§ **PROMPT**: Determine the count of lines containing "Santuario" in the entries below and return only that figure.

==== GIVEN RECORDS ====

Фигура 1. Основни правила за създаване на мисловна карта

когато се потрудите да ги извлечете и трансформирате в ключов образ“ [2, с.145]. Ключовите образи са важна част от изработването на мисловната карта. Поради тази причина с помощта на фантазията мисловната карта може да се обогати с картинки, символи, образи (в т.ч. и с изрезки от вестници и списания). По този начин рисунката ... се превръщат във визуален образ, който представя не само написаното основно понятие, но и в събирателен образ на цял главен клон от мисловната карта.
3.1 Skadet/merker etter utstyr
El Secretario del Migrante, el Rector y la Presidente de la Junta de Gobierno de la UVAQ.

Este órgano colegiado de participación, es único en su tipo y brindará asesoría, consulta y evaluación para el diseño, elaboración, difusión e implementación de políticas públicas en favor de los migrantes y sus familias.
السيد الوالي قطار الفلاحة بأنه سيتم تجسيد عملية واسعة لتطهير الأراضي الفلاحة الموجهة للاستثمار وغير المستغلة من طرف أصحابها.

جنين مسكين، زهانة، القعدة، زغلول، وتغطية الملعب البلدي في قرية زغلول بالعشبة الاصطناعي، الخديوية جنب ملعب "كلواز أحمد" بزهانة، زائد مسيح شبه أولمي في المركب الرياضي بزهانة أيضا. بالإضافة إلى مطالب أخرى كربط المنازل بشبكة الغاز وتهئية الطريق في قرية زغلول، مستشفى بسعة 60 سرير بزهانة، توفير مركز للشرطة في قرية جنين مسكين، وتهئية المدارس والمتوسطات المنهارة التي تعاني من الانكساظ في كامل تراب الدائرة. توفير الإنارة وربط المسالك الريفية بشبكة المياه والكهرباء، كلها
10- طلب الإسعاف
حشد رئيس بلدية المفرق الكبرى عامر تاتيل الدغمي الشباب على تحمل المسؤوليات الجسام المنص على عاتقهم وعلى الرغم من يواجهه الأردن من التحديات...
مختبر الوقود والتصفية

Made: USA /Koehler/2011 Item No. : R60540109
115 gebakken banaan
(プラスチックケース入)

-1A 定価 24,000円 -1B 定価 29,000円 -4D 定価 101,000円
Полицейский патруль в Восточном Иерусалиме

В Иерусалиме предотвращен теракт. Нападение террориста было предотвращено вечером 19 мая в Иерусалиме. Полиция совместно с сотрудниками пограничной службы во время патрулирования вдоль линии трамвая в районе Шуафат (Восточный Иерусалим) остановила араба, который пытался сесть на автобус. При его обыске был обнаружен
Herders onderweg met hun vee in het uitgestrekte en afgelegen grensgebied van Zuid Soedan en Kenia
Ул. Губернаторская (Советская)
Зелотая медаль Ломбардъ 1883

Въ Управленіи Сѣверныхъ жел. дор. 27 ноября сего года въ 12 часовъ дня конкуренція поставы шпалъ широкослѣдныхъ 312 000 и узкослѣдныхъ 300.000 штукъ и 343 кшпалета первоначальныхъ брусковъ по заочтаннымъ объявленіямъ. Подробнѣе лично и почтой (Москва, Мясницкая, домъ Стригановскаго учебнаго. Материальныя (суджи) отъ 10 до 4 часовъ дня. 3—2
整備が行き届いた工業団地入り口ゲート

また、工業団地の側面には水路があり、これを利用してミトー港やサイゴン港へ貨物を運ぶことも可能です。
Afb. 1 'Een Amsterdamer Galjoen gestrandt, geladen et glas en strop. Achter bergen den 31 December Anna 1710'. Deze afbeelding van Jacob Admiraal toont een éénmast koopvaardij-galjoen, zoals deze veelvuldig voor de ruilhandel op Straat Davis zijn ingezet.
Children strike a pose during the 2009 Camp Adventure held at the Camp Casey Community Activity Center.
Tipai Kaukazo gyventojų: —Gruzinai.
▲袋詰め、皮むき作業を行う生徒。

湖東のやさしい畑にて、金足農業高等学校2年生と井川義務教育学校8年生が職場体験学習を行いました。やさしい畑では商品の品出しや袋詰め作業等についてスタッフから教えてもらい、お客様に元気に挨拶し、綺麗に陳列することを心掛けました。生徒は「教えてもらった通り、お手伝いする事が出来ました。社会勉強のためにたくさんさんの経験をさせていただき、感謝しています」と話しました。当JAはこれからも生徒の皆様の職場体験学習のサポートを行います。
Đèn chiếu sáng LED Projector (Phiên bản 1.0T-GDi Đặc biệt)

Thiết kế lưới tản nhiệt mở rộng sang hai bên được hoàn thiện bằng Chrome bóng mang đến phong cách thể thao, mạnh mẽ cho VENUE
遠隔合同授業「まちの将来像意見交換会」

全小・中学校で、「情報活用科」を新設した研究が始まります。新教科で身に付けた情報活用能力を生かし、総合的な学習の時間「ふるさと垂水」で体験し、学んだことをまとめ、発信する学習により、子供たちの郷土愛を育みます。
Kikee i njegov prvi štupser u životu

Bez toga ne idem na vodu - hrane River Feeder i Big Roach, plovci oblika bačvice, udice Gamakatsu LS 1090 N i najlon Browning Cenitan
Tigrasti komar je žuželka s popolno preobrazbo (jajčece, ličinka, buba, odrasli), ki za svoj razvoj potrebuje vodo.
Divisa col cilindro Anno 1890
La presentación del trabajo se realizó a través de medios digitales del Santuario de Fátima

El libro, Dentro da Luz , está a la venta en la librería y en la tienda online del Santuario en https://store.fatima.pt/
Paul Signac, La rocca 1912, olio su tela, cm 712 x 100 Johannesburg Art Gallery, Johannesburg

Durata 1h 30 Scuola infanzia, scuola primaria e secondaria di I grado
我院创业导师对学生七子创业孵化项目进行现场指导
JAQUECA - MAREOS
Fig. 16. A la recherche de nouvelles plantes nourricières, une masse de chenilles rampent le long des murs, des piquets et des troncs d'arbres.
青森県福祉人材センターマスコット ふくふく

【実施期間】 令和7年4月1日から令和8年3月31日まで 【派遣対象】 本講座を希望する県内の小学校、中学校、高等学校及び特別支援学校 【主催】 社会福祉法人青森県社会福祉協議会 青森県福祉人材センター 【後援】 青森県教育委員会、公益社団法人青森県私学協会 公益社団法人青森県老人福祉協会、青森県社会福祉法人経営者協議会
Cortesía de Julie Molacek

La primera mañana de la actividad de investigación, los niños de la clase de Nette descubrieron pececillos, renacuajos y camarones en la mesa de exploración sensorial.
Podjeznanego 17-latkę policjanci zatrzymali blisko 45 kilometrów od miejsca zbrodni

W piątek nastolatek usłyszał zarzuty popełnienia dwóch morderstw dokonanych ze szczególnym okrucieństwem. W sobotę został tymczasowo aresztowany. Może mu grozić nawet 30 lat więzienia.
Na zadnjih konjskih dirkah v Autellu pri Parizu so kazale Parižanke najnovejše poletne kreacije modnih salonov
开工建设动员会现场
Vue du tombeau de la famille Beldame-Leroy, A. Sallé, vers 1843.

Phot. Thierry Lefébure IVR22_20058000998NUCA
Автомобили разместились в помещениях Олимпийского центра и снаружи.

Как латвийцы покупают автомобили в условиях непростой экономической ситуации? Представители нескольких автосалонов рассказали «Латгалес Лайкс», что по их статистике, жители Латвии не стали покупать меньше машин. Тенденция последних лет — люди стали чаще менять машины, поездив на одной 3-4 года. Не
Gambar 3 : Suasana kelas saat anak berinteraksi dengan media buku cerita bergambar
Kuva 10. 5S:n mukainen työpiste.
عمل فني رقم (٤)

====

§ **WRITTEN SOLUTION**: 2